■ WHAT TO DO ■
The records below hold a stretch from the line with "- Beachten Sie" through the line with "1시간 | 당일치기 |"; return exactly those lines, ends included, and nothing more.

■ DATA TO USE ■
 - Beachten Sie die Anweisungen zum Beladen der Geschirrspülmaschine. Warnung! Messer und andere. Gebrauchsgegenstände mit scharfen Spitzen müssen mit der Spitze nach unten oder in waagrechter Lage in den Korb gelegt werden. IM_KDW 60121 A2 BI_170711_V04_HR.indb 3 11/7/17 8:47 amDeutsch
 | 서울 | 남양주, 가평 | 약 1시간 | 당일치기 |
--
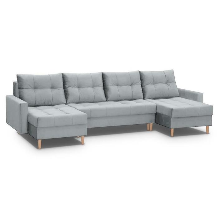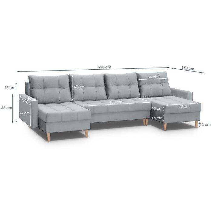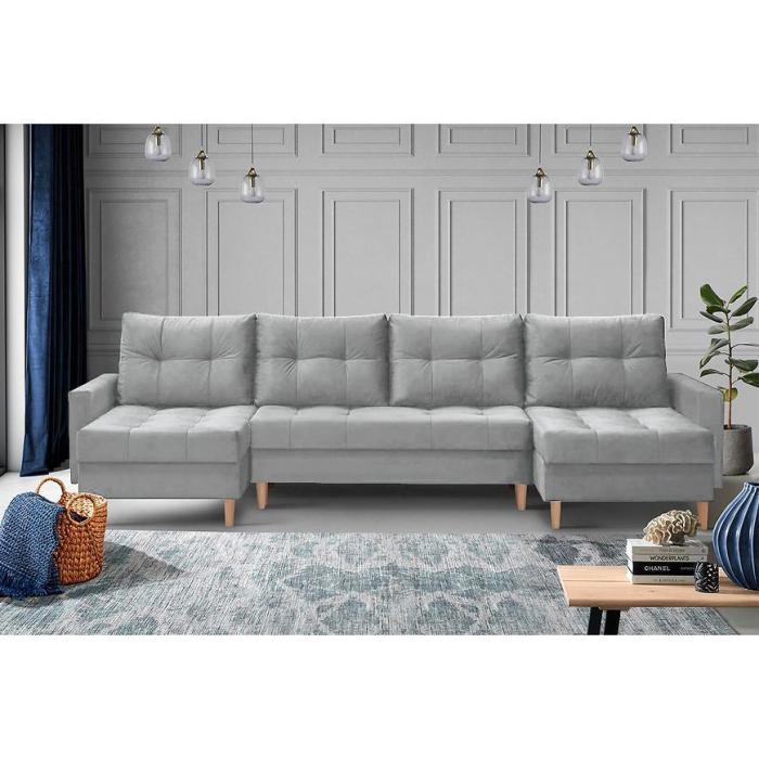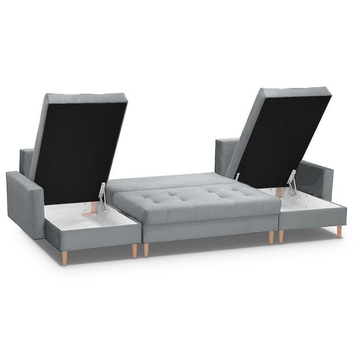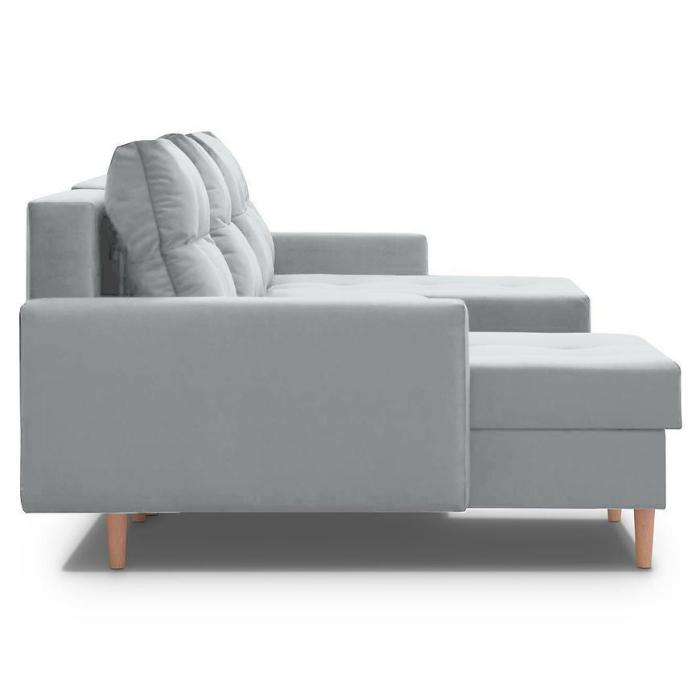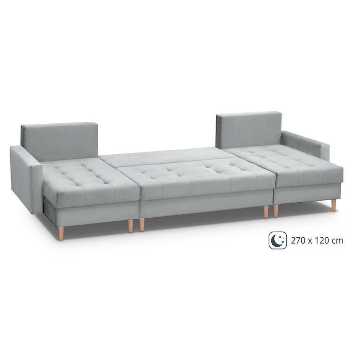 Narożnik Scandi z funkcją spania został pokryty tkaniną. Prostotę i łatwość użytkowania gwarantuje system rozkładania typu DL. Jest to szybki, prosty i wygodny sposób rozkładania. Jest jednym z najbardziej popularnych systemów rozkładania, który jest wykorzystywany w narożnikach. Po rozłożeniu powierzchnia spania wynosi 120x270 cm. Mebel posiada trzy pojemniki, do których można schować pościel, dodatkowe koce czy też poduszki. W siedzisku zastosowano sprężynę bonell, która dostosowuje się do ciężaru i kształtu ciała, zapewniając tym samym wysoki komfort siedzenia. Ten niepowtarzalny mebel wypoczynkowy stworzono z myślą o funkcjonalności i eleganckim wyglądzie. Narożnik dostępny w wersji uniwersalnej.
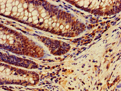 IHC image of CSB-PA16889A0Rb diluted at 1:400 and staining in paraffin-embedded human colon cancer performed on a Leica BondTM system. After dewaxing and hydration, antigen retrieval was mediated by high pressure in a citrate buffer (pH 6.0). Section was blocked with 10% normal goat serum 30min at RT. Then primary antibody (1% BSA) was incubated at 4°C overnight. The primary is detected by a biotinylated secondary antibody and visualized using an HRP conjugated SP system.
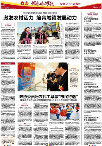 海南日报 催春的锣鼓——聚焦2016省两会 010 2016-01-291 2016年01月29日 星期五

■ ANSWER FOR THE TASK ■
 - Beachten Sie die Anweisungen zum Beladen der Geschirrspülmaschine. Warnung! Messer und andere. Gebrauchsgegenstände mit scharfen Spitzen müssen mit der Spitze nach unten oder in waagrechter Lage in den Korb gelegt werden. IM_KDW 60121 A2 BI_170711_V04_HR.indb 3 11/7/17 8:47 amDeutsch
 | 서울 | 남양주, 가평 | 약 1시간 | 당일치기 |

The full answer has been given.